START Data excerpts

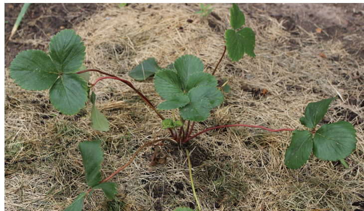
Figure 8. Grass clippings should be applied in layers no thicker than one inch and should be periodically raked throughout the growing season to reduce matting. Thicker layers will impede water and air movement in and out of the soil.
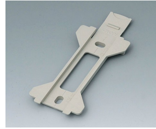
B1360028 Wall suspension element for Toptec 154 PC+ABS (UL 94 V-0) pebble grey RAL 7032
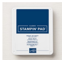
Night Of Navy Classic Stampin' Pad [147110] $7.50
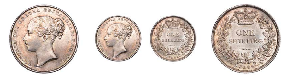
500 Shilling, 1842 (ESC 2987; S 3904). Minor surface marks, otherwise extremely fine or better, lightly toned
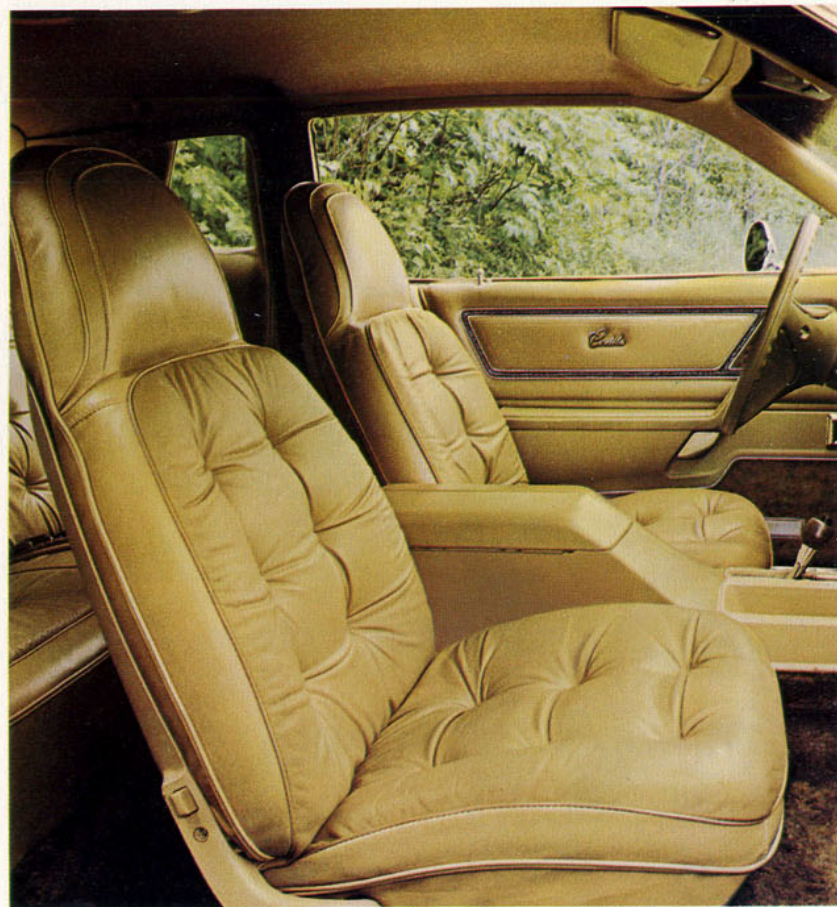
Cordoba's optional bucket seat, superbly tailored leather with vinyl trim.

Driving controls are located for easy use. Light and wiper/washer switches and heater/air
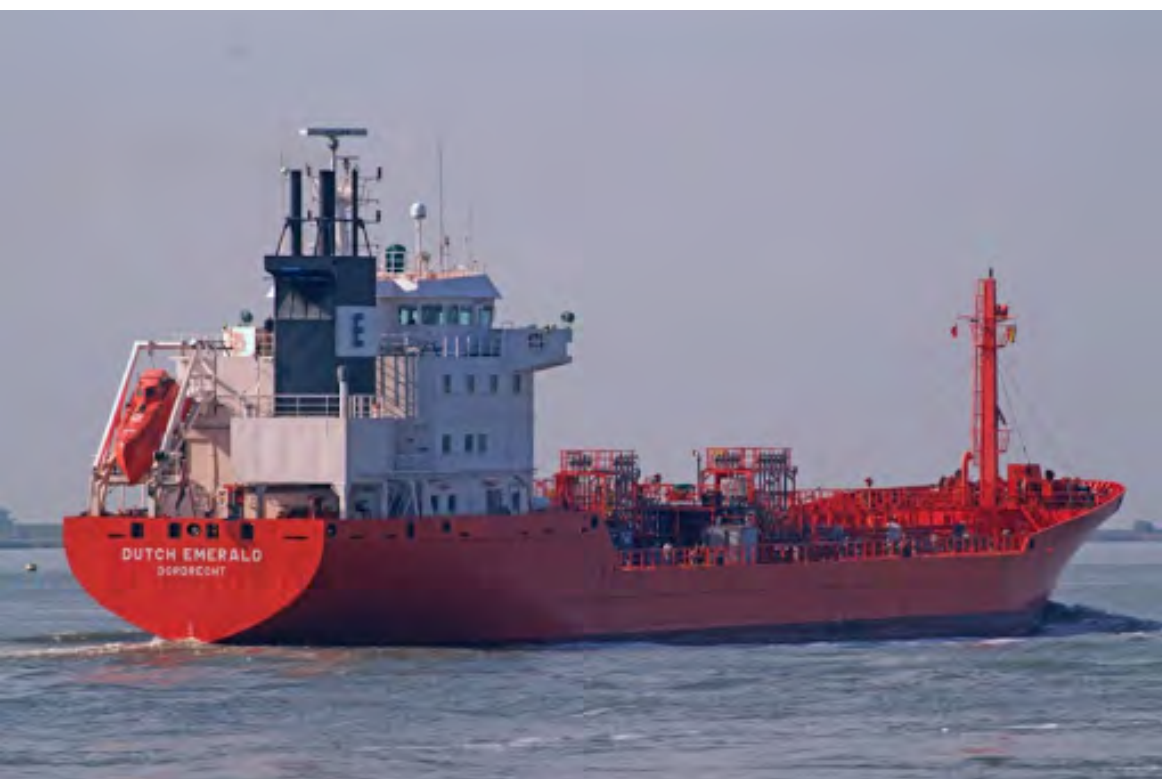
Dutch Emerald (2000)

CUSTOMER: VEKA Shipyard Lemmer TYPE: Chemical oil product tanker TYPE OF WORK: Newbuild SCOPE OF SUPPLY: Engineering, installation and commissioning of complete electrical installation, including alarm, monitoring and control systems, electrical distribution systems, power management system.
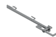
Bracket clamp with post EPS-UUS 7,2 kg
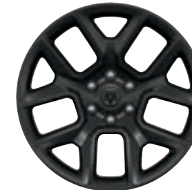
22-inch Black-Painted Aluminum Included with Night Edition Optional with Sport Appearance Package (WPH)
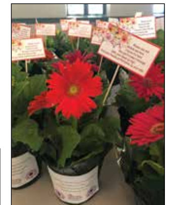
LEFT: PrimeTime Senior Center staff prepare to deliver flowers to our program participants in Allegheny County.
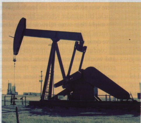
US state science funding dries up, p200
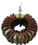
Inductor copper foil cracked due to high temperature

Magnetic saturation current is called I_{sat} , and the temperature rise current is called I_{rms} . When the transformer and the inductor pass a large current in the actual circuit operation, the magnetic field of the magnetic core will produce magnetic saturation, which will cause the inductance characteristic to decline. Therefore, the R&D engineer will set the current value of the inductance reduction allowable range.
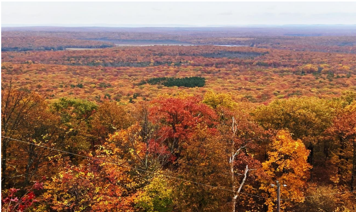
High Knob Firetower, Delaware State Forest District.
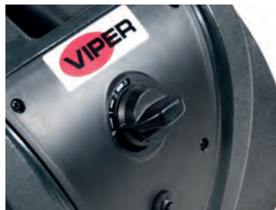
3-speed induction motor with reduced power consumption

END Data excerpts

• _Description of the task_
Supply only the count of lines above holding "Night".

• _Task output_
2